Describes design strategies - the proper arrangement in space and time of images, words, and numbers - for presenting information about motion, process, mechanism, cause, and effect. Examines the logic of depicting quantitative evidence.
“...we also enter the cognitive paradise of explanation, a sparkling and exuberant world, intensely relevant to the design of information.”
“The techniques of disinformation design, *when reversed,* reinforce strategies of presentation used by good teachers. Your audience *should* know beforehand what you are going to do; then they can evaluation how your verbal and visual evidence supports your argument. And so we have some practical advice for giving a talk or paper. 1. Near the beginning of your presentation, tell the audience: What the problem is / Why the problem is important /What the solution to the problem is. // If a clear statement of the problem cannot be formulated, then that is a sure sign that the content of the presentation is deficient."”

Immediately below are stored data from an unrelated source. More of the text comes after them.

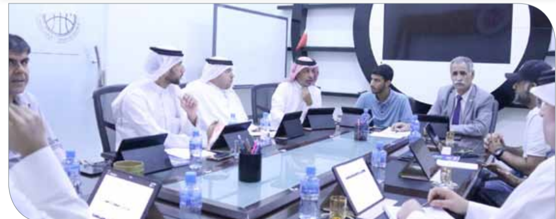
جانب من اجتماع اللجنة المنظمة العليا لتصفيات كأس آسيا

مع القناة الرياضية، وكذلك مناقشة كافة الأمور الأمنية مع ممثل وزارة الداخلية. واعتمدت اللجنة صالتي نادي المنامة ونادي المحرق كمقر لتدريبات المنتخب المشاركة، إذ قدمت اللجنة في هذا الصدد الشكر لإدارة الناديين على التعاون الإيجابي المتبادل.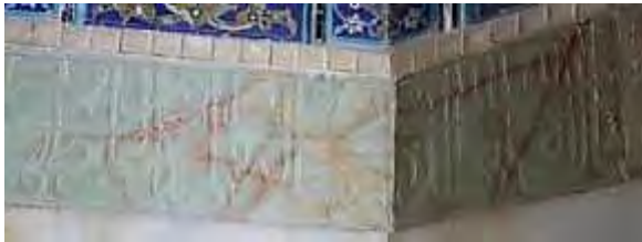
شکل ۱۱: تصویر مرکز محراب مسجد جامع کرمان (آیات ۲۸ و ۲۹ سوره فتح) (مظفری)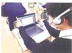
【タブレットを活用した授業】

“5. Show up early. Something good is bound to happen. // 6. Finish early. // By arriving early, you can look the place over, have time enough to recover from a problem (for example, the room is already occupied; or the projector is missing), check the lights, and greet people as they gradually arrive to await your performance. Give the talk and finish early: <...> Even magicians are urged to get on with their entertaining performances: 'Always leave them wanting more. Get to the point. Be brief. Keep interesting them. Quit before they've had enough.'”
“Confection makers cut, paste, construct, and manage miniature theaters of information - a cognitive art that serves to illustrate an argument, make a point, explain a task, show how something works, list possibilities, narrate a story. // And accordingly, what collage is for art, confections are for the design of information”
“…in an architecture of content, the *information becomes the interface.”
“Too many interfaces for information compilation suffer from television-disease: thin substance, contempt for the audience and the content, short attention span and over-produced styling.”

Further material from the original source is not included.